La Aventura de lo Secreto. Relatos Breves

UN REDIL PARA LAS SONRISAS

UN REDIL PARA LAS SONRISAS

                 

            Aquella siniestra nube plomiza solía, desde entonces, visitar su ventana. Estaba exactamente en la misma posición en la que se encontraba cuando recibió aquella terrible noticia sobre el accidente fatal que había sufrido Pablo, su único hijo. Todo aquello continuaba siendo tan nítido, a pesar de los años… Ese momento, aún resonaba en su ya por demás convulsionada cabeza. Ese inconfundible timbre de voz ronca que por teléfono, luego de mencionar lúgubremente su nombre, le comunicó la trágica noticia. Una pérdida que aún hoy, no se explicaba. Solía pensar en lo extraño y hostil que se vuelve todo luego de una noticia así, aún se extrañaba del poder que podía esconder una voz. Le pesaba reconocer como una simple voz ronca, una sencilla traza material, podía significar el punto de bisagra en la vida de alguien, especialmente en la suya. Cuantas voces habían transformado, e incluso señalado, distintas historias personales y colectivas.

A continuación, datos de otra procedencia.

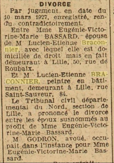 1984 à ARMENTIERES (Nord). Divorce le 10 mars 1927
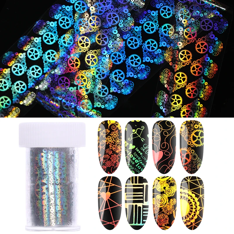 1/рулон 4*99 см Голографическая фольга на ногти красочными сверкающими смешанными узорами, дизайн ногтей переводная наклейка для ногтей DIY ...
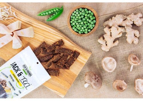 More proof that jackfruit is the chameleon of the fruit world. This plant-based jerky has a nice ginger zing.
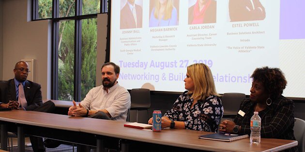 The panel consisted of Johnny Ball, Assistant Administrator (South Georgia Medical Center); Meghan Barwick, Marketing & Research Manager (Valdosta-Lowndes County Development Authority); Carla Jordan, Assitant Director of the Career Services Team (Valdosta State University), and Estel Powell, Business Solutions Architect, (Intrado).
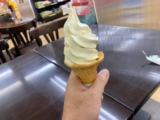途中、蒜山(ひるぜん)高原でソフトクリームを食べ
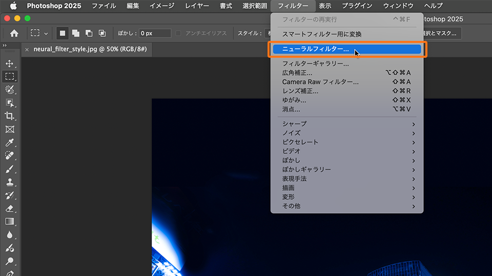 ファイルが開いたら、 フィルター / ニューラルフィルター を選択します。
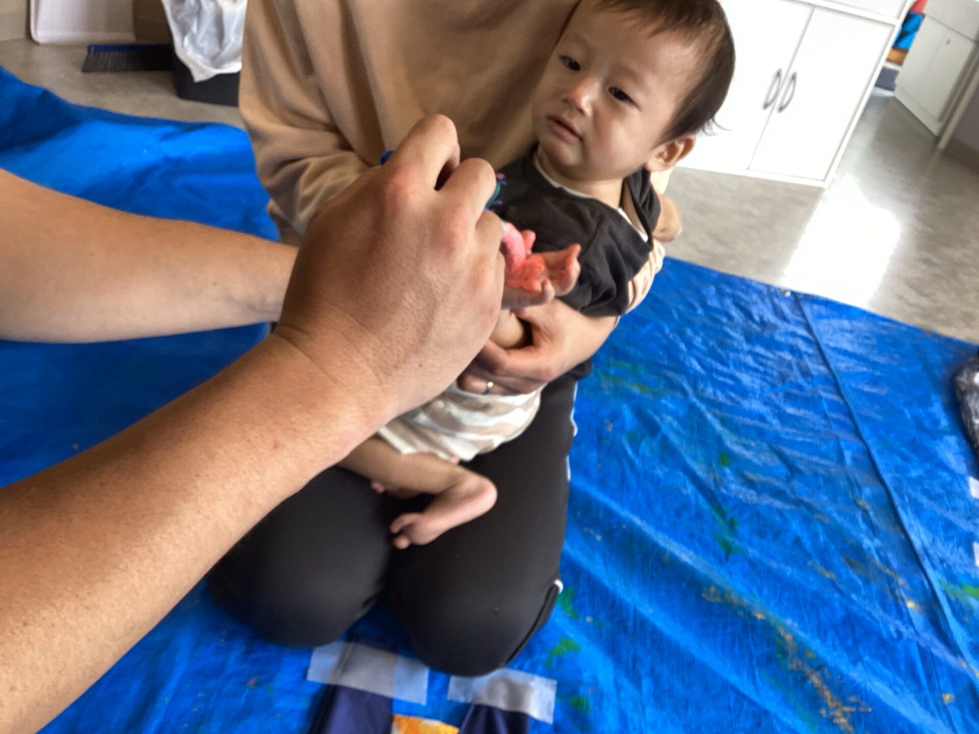 初めての絵の具の感触にびっくり!!
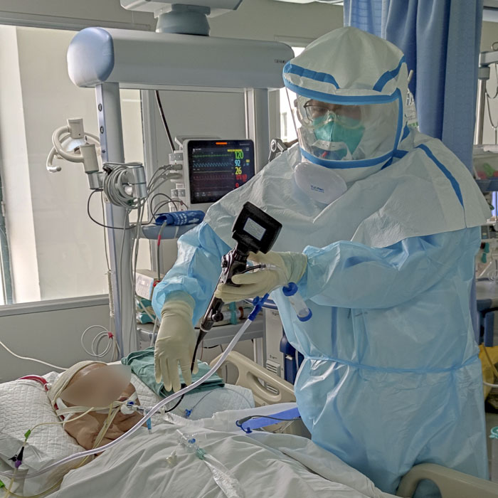 病区里有多名重症患者,每天都要完成气管镜检查,以观察气道粘膜并收集气道分泌物。检查过程中,患者气道开放会产生大量飞沫或气溶胶,具有极高的感染风险,对操作者的心理和技术要求都很高。为了保障安全,操作前需要在常规防护服外穿戴隔离衣和防护头罩,这让原本就不顺畅地呼吸变得更加艰难,每一个动作都变得吃力了许多,原本正常状态下几分钟就能结束的操作,现在都需要二十分钟以上才能完成。面对这种复杂情况,我率先行动、迎难而上,不仅因为我是一名有着10多年气管镜操作经验的医生,更因为我是一名有着20多年党龄的老党员。
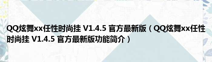 QQ炫舞xx任性时尚挂 V1.4.5 官方最新版(QQ炫舞xx任性时尚挂 V1.4.5 官方最新版功能简介)
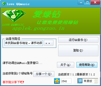 爱绿钻是作为畅绿钻失效后的最新一款免费绿钻使用软件,由苹果核制作,功能比畅绿钻更加强大。
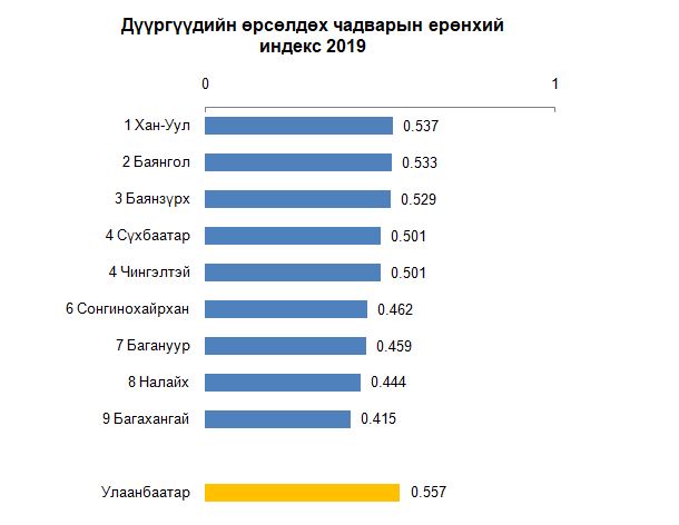 Улаанбаатар хотын болон 9 дүүргийн өрсөлдөх чадварыг хэмжих, үнэлэх, цаашлаад иргэдийн оролцоог хангасан, өргөн хүрээтэй мэдээллийн сан бий болгох зорилгоор Эдийн засгийн бодлого, өрсөлдөх чадварын судалгааны төвөөс /ЭЗБӨЧСТ/ судалгаа хийдэг. Дүүргүүдийн өрсөлдөх чадварыг 2017 оноос анх судалж эхэлсэн ба судалгааг хоёр жил тутамд боловсруулж, өрсөлдөх чадварын өөрчлөлт, чиг хандлагыг судалж байгаа аж. Энэ хүрээнд хоёрдахь тайлангаа Азийн сангийн дэмжлэгтэйгээр гүйцэтгэснээ /2019-03-21/  танилцууллаа. Дүүргүүдийн өрсөлдөх чадварыг хэмжихдээ амьдралын чанар, амьдрах орчин, аюулгүй байдал, засаглал, эдийн засаг гэсэн таван үндсэн бүлгийн хүрээнд нарийвчлан тодорхойлсон нийт 150 шалгуур үзүүлэлтээр хэмждэг байна. Эдгээр шалгуур үзүүлэлтүүдийн мэдээллийг цуглуулахдаа Улаанбаатар хотын 9 дүүргийг хамарсан түүвэр судалгааг явуулж өрхийн асуулгаар мэдээлэл цуглуулсан ба дүүргүүдийн албан ёсны статистик мэдээллийг мөн ашиглажээ. Дүүргүүдийн өрсөлдөх чадварын шалгуур үзүүлэлтүүдийг ашиглан өрсөлдөх чадварын индексийг Улаанбаатар хот болон 9 дүүрэг тус бүрийн хувьд тооцдог. Дүүргүүдийн өрсөлдөх чадварын индекс нь 0-1 хооронд утга авахба 0 бол өрсөлдөх чадвар сул, 1 бол өрсөлдөх чадвар өндөр гэж ойлгож болно.  Энэ удаагийн судалгааны үр дүнгээр Улаанбаатар хотын өрсөлдөх чадварын ерөнхий индекс 0.557 оноотой үнэлэгдсэн байна. Өрсөлдөх чадварын оноогоор Хан-Уул, Баянгол, Баянзүрх дүүргүүд тэргүүлж байгаа бол алслагдсан дүүргүүд болох Багануур, Багахангай, Налайх дүүргүүд бусад дүүрэгтэй харьцуулахад өрсөлдөх чадвар сул байна.

Esa nube, densamente gris, caminaba con él desde entonces, como si lo envolviera abrigando su alma. Metiéndose dentro suyo, aplastándolo, causándole pesadumbre y un tinte sepia especial en su rostro, que se extendía a toda su mirada del mundo. Toda su expresión facial había sido alterada, se había hundido, se había estrechado y sacrificado en pos de continuar existiendo materialmente. Si el rostro expresa el dolor, cómo con-formarse en lo indecible. ¿Cuáles son las cejas, las comisuras, las miradas del dolor indecible?

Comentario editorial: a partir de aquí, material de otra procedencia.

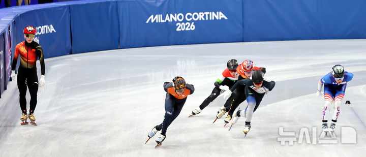 [밀라노=뉴시스] 박주성 기자 = 14일 (현지 시간) 이탈리아 밀라노 아이스 스케이팅 아레나 경기장에서 열린 2026 밀라노·코르티나담페초 동계올림픽 쇼트트랙 남자 1500m 준준결승에서 중국 린샤오쥔이 경기도중 넘어져 아쉬워하고 있다. 2026.02.15. [email protected]
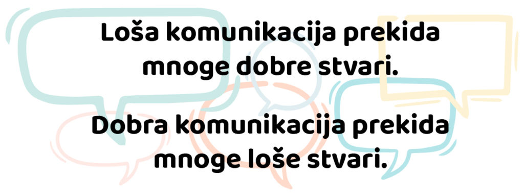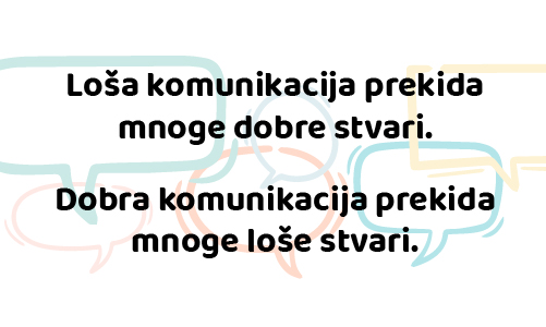 Komunikacija se najmanje odnosi na „pričanje“. Koje reči biramo i kako se ponašamo – takvi su nam i odnosi – u kući, u društvu, na poslu. Koliko smo slušali sagovornika, način na koji smo nešto rekli, ton, izraz lica… Sve utiče na kvalitet naših razgovora.
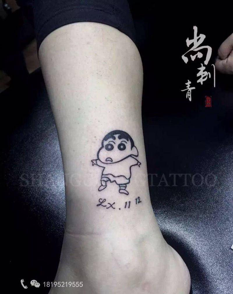 蜡笔小新纹身图片_成品腿部欧美清新人物卡通纹身图案
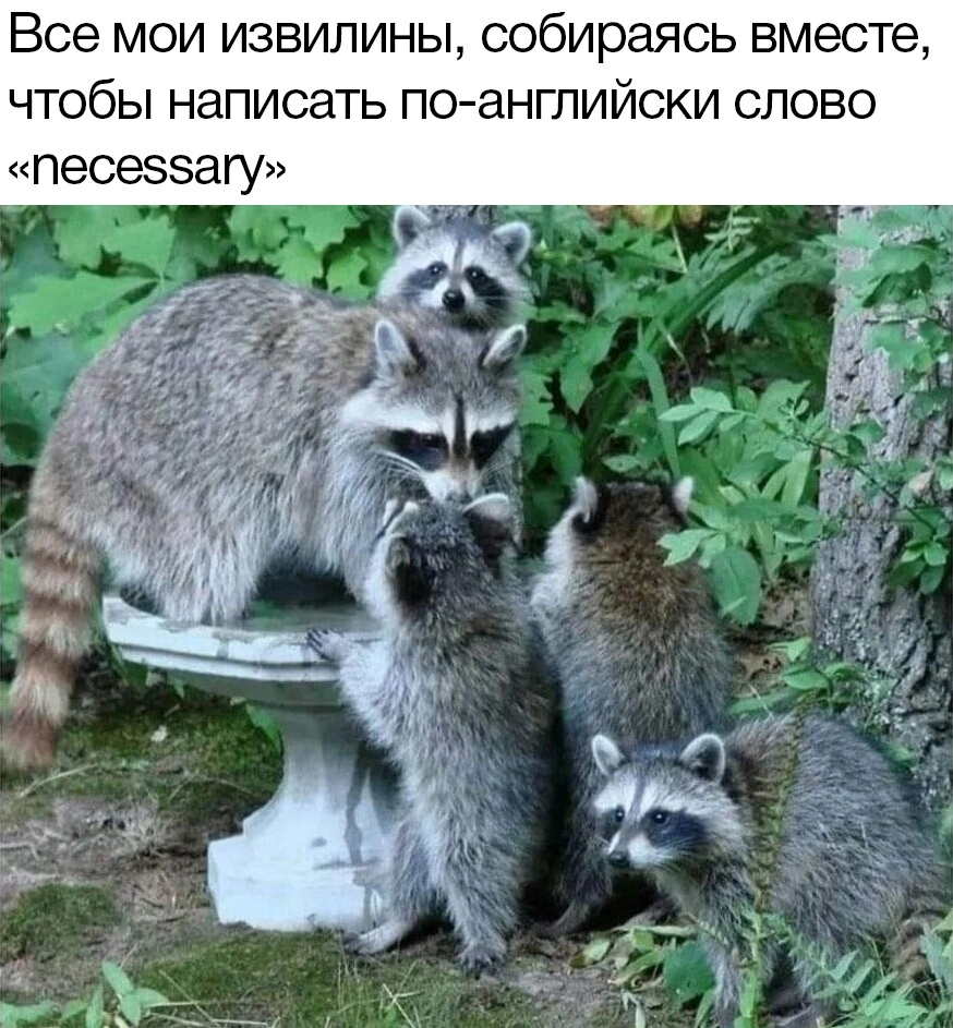 20 VerhovniyMemolog 2 года назад Юмор для всех и каждого Necessary Телеграм - Три мема внутривенно Юмор Картинка с текстом Мемы Английский язык Енот Извилины 1 Ещё 0
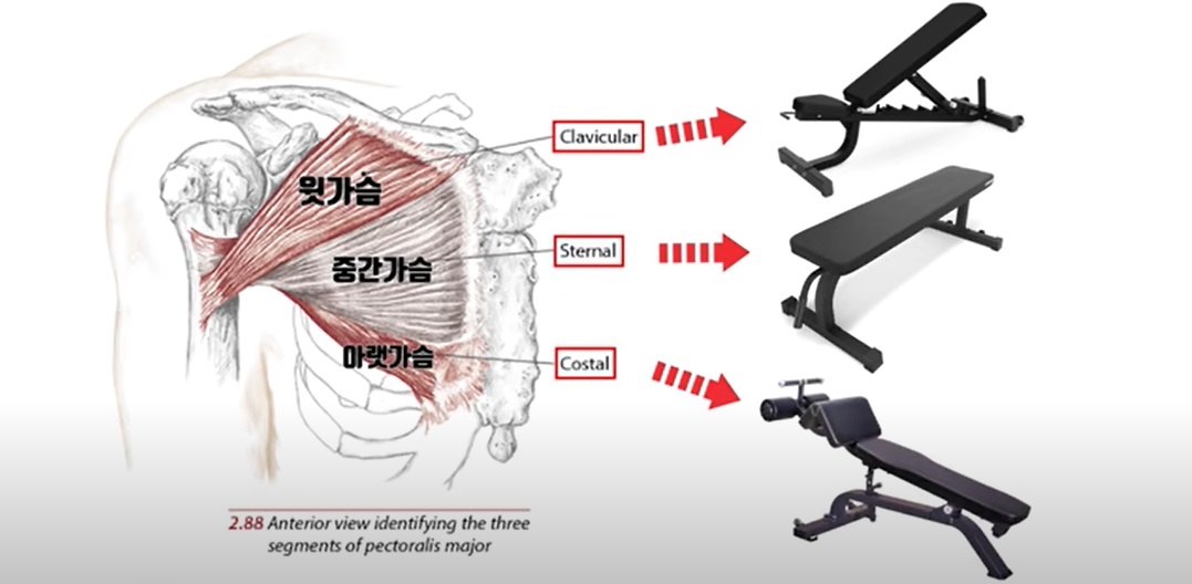 가슴은 크게 3 부위로 나뉘어 윗부분이랑 중간 부분, 아랫부분을 인클라인 벤치프레스, 플렛 벤치프레스, 디클라인 벤치프레스로 각각의 부위를 타깃 할 수 있습니다
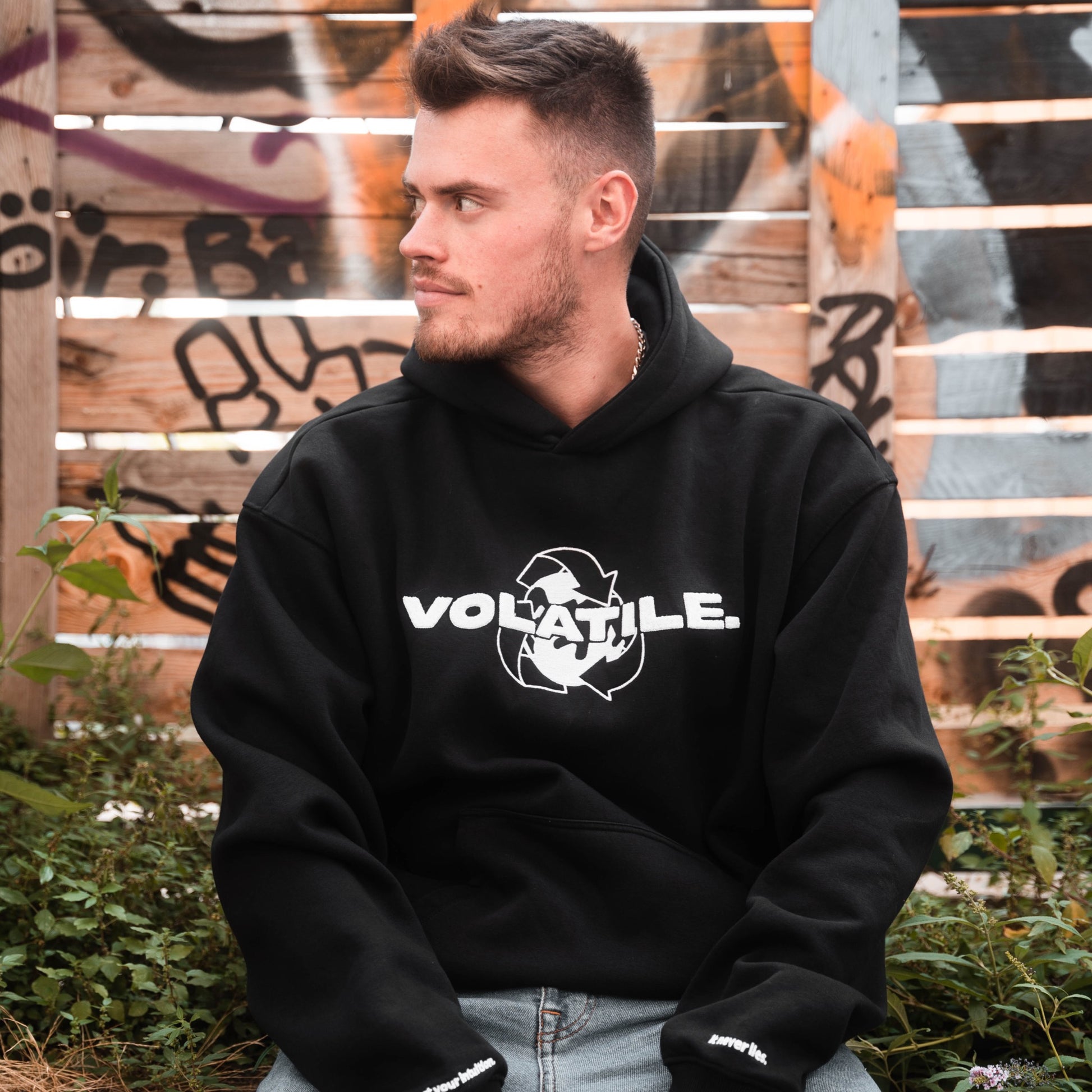 FRONT _ volatile. Schriftzug in besonderem Frottee Stick & Logo in Stick

Nada era ya lo mismo, ni mucho menos la casa. Hasta había perdido también su forma. La redondeada forma que mantenía cuando toda la familia la habitaba. Ahora sencillamente parecía des-cuartizada. Sus dormitorios se habían transformado en dulces lápidas, sin nadie que les inscriba epitafios. Todos cubiertos de moho y fango. Todos hundidos, calcinados en el dolor de la ausencia que lo invade todo, a cada instante, en cada tramo del pasillo, convirtiendo lo propio en ajeno, lo familiar en extraño y lo vital en irrespirable. La tragedia envenena todo, como la nube, de un modo en el cuál no resta escape, nos sigue, nos destruye desde dentro carcomiendo nuestros cielos.

¡Qué tontas las voces! Tan fútiles, tan diáfanamente horrorosas, tan prestas a transmitir absurdos y mutilaciones. El silencio debería ser el gran vencedor. En él, no es posible el cambio. En él, lo vital puede hallar refugio de su ser para la muerte, de su absurda impronta que condensa toda una biografía en un cínico gesto de dolor, en una mueca del ahogado sollozo.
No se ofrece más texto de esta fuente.